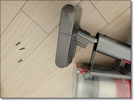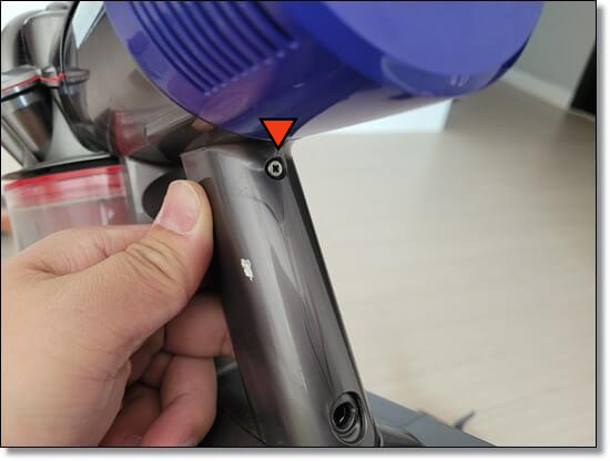먼저 왼쪽 사진의 손잡이 윗부분 나사를 먼저 풀어줍니다. 그리고 청소기 통과 배터리 사이에 나사 2개를 더 풀어줍니다.
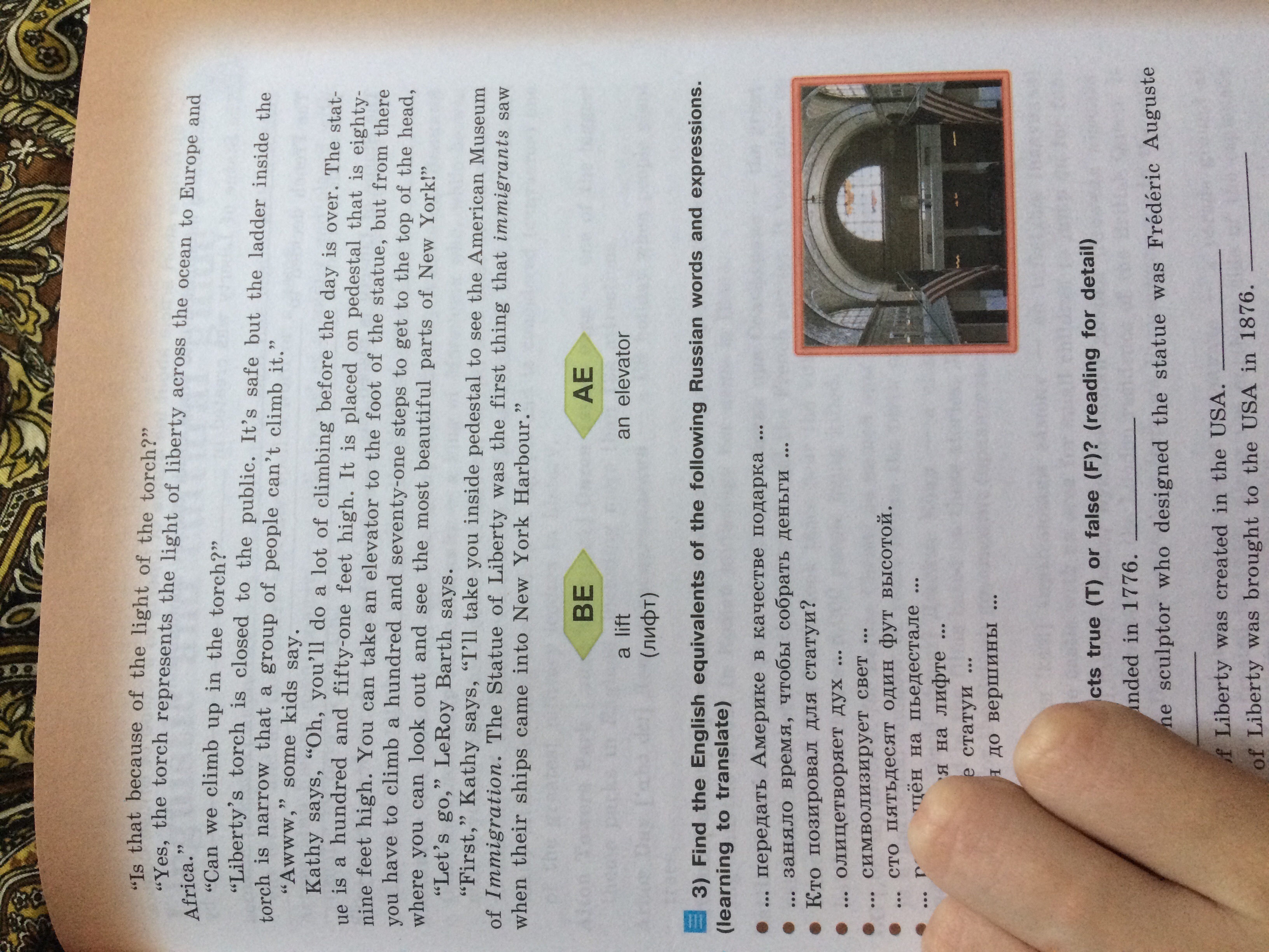 Одна из самых известных статуй в мире стоит на острове в Нью-йоркской Гавани. Эта статуя - конечно, Статуя Свободы. Статуя Свободы - женщина, которая держит факел высоко. Посетители могут пойти в статуе. Статуя является настолько большой, что целых двенадцать человек могут стоять в факеле. Еще много людей могут стоять в других частях статуи. Статуя весит 225 тонн и 301 фут высотой.
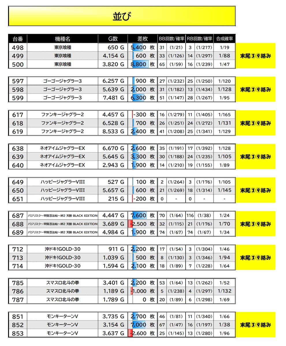 オススメ機種、さらにポストから並び箇所を絞ることができた。傾向を掴んでいれば狙いを絞ることができるため、オススメ機種やポストは必ずチェックしておきたい https://twitter.com/sloevekanto/status/2024608510865264763
++++
> _Exercise details_: Leaving every image behind, repeat the data in full and exactly.

> _Output below_:
먼저 왼쪽 사진의 손잡이 윗부분 나사를 먼저 풀어줍니다. 그리고 청소기 통과 배터리 사이에 나사 2개를 더 풀어줍니다.
 Одна из самых известных статуй в мире стоит на острове в Нью-йоркской Гавани. Эта статуя - конечно, Статуя Свободы. Статуя Свободы - женщина, которая держит факел высоко. Посетители могут пойти в статуе. Статуя является настолько большой, что целых двенадцать человек могут стоять в факеле. Еще много людей могут стоять в других частях статуи. Статуя весит 225 тонн и 301 фут высотой.
 オススメ機種、さらにポストから並び箇所を絞ることができた。傾向を掴んでいれば狙いを絞ることができるため、オススメ機種やポストは必ずチェックしておきたい https://twitter.com/sloevekanto/status/2024608510865264763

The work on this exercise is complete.